▶ What to work on
Return every entry exactly.

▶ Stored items
====

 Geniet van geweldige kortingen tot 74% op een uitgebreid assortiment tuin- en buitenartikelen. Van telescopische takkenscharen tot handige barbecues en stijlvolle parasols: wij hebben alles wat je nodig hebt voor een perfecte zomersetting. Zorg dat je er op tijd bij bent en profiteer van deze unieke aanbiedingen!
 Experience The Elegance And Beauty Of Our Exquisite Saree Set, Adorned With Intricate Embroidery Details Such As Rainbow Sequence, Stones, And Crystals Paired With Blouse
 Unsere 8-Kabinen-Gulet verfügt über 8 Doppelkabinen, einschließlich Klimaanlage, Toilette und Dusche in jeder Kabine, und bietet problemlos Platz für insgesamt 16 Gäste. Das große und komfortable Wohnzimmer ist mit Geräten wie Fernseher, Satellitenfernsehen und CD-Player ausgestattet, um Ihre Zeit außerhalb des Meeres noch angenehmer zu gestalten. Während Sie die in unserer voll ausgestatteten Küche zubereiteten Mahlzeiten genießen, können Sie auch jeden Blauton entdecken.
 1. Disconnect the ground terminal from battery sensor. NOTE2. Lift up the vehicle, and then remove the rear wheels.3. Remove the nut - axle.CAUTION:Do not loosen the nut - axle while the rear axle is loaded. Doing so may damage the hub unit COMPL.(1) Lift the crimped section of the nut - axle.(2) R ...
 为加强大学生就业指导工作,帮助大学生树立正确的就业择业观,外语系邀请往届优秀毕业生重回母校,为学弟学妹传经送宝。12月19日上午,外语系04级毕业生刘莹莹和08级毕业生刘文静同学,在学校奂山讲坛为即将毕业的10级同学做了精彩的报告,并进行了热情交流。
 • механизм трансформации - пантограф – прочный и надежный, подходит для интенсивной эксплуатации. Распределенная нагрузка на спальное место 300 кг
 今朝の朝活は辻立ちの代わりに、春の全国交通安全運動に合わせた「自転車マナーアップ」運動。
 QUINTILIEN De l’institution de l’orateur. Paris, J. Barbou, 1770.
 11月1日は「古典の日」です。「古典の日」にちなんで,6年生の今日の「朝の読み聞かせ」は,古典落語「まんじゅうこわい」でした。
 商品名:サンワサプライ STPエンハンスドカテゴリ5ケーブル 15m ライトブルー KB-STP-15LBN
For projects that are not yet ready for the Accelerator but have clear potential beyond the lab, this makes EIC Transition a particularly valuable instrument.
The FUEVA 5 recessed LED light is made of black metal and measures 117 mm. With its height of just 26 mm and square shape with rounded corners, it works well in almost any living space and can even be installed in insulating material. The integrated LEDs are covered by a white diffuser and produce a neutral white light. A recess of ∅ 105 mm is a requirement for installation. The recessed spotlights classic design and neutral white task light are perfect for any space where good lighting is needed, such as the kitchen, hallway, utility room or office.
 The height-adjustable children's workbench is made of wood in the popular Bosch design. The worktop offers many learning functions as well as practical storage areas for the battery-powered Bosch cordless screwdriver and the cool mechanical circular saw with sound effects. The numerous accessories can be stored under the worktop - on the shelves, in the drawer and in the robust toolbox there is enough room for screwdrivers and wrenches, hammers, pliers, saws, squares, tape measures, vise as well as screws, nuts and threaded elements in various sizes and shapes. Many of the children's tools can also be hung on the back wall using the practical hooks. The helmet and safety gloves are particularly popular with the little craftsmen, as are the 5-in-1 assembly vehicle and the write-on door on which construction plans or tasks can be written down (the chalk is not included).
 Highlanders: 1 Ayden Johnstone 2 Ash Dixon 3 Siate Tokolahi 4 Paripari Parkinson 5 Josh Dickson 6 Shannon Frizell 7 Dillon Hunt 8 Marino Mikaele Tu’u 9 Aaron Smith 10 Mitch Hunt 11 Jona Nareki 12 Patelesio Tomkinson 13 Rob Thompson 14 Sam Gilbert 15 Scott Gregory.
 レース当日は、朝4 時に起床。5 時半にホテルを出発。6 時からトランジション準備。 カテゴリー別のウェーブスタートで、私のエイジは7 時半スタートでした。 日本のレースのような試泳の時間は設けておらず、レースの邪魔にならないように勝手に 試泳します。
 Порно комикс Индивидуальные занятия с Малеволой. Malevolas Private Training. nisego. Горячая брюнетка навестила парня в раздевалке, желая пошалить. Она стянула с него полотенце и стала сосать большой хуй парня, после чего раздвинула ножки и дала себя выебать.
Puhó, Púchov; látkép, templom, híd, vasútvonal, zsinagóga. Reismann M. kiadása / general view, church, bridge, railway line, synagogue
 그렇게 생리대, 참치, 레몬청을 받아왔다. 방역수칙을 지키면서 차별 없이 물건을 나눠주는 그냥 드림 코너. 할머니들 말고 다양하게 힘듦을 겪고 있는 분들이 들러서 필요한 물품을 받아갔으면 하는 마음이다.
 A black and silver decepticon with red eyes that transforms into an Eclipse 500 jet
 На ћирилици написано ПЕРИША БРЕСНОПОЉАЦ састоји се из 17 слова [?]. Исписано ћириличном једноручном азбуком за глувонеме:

====

▶ Answer to the problem
 Geniet van geweldige kortingen tot 74% op een uitgebreid assortiment tuin- en buitenartikelen. Van telescopische takkenscharen tot handige barbecues en stijlvolle parasols: wij hebben alles wat je nodig hebt voor een perfecte zomersetting. Zorg dat je er op tijd bij bent en profiteer van deze unieke aanbiedingen!
 Experience The Elegance And Beauty Of Our Exquisite Saree Set, Adorned With Intricate Embroidery Details Such As Rainbow Sequence, Stones, And Crystals Paired With Blouse
 Unsere 8-Kabinen-Gulet verfügt über 8 Doppelkabinen, einschließlich Klimaanlage, Toilette und Dusche in jeder Kabine, und bietet problemlos Platz für insgesamt 16 Gäste. Das große und komfortable Wohnzimmer ist mit Geräten wie Fernseher, Satellitenfernsehen und CD-Player ausgestattet, um Ihre Zeit außerhalb des Meeres noch angenehmer zu gestalten. Während Sie die in unserer voll ausgestatteten Küche zubereiteten Mahlzeiten genießen, können Sie auch jeden Blauton entdecken.
 1. Disconnect the ground terminal from battery sensor. NOTE2. Lift up the vehicle, and then remove the rear wheels.3. Remove the nut - axle.CAUTION:Do not loosen the nut - axle while the rear axle is loaded. Doing so may damage the hub unit COMPL.(1) Lift the crimped section of the nut - axle.(2) R ...
 为加强大学生就业指导工作,帮助大学生树立正确的就业择业观,外语系邀请往届优秀毕业生重回母校,为学弟学妹传经送宝。12月19日上午,外语系04级毕业生刘莹莹和08级毕业生刘文静同学,在学校奂山讲坛为即将毕业的10级同学做了精彩的报告,并进行了热情交流。
 • механизм трансформации - пантограф – прочный и надежный, подходит для интенсивной эксплуатации. Распределенная нагрузка на спальное место 300 кг
 今朝の朝活は辻立ちの代わりに、春の全国交通安全運動に合わせた「自転車マナーアップ」運動。
 QUINTILIEN De l’institution de l’orateur. Paris, J. Barbou, 1770.
 11月1日は「古典の日」です。「古典の日」にちなんで,6年生の今日の「朝の読み聞かせ」は,古典落語「まんじゅうこわい」でした。
 商品名:サンワサプライ STPエンハンスドカテゴリ5ケーブル 15m ライトブルー KB-STP-15LBN
For projects that are not yet ready for the Accelerator but have clear potential beyond the lab, this makes EIC Transition a particularly valuable instrument.
The FUEVA 5 recessed LED light is made of black metal and measures 117 mm. With its height of just 26 mm and square shape with rounded corners, it works well in almost any living space and can even be installed in insulating material. The integrated LEDs are covered by a white diffuser and produce a neutral white light. A recess of ∅ 105 mm is a requirement for installation. The recessed spotlights classic design and neutral white task light are perfect for any space where good lighting is needed, such as the kitchen, hallway, utility room or office.
 The height-adjustable children's workbench is made of wood in the popular Bosch design. The worktop offers many learning functions as well as practical storage areas for the battery-powered Bosch cordless screwdriver and the cool mechanical circular saw with sound effects. The numerous accessories can be stored under the worktop - on the shelves, in the drawer and in the robust toolbox there is enough room for screwdrivers and wrenches, hammers, pliers, saws, squares, tape measures, vise as well as screws, nuts and threaded elements in various sizes and shapes. Many of the children's tools can also be hung on the back wall using the practical hooks. The helmet and safety gloves are particularly popular with the little craftsmen, as are the 5-in-1 assembly vehicle and the write-on door on which construction plans or tasks can be written down (the chalk is not included).
 Highlanders: 1 Ayden Johnstone 2 Ash Dixon 3 Siate Tokolahi 4 Paripari Parkinson 5 Josh Dickson 6 Shannon Frizell 7 Dillon Hunt 8 Marino Mikaele Tu’u 9 Aaron Smith 10 Mitch Hunt 11 Jona Nareki 12 Patelesio Tomkinson 13 Rob Thompson 14 Sam Gilbert 15 Scott Gregory.
 レース当日は、朝4 時に起床。5 時半にホテルを出発。6 時からトランジション準備。 カテゴリー別のウェーブスタートで、私のエイジは7 時半スタートでした。 日本のレースのような試泳の時間は設けておらず、レースの邪魔にならないように勝手に 試泳します。
 Порно комикс Индивидуальные занятия с Малеволой. Malevolas Private Training. nisego. Горячая брюнетка навестила парня в раздевалке, желая пошалить. Она стянула с него полотенце и стала сосать большой хуй парня, после чего раздвинула ножки и дала себя выебать.
Puhó, Púchov; látkép, templom, híd, vasútvonal, zsinagóga. Reismann M. kiadása / general view, church, bridge, railway line, synagogue
 그렇게 생리대, 참치, 레몬청을 받아왔다. 방역수칙을 지키면서 차별 없이 물건을 나눠주는 그냥 드림 코너. 할머니들 말고 다양하게 힘듦을 겪고 있는 분들이 들러서 필요한 물품을 받아갔으면 하는 마음이다.
 A black and silver decepticon with red eyes that transforms into an Eclipse 500 jet
 На ћирилици написано ПЕРИША БРЕСНОПОЉАЦ састоји се из 17 слова [?]. Исписано ћириличном једноручном азбуком за глувонеме:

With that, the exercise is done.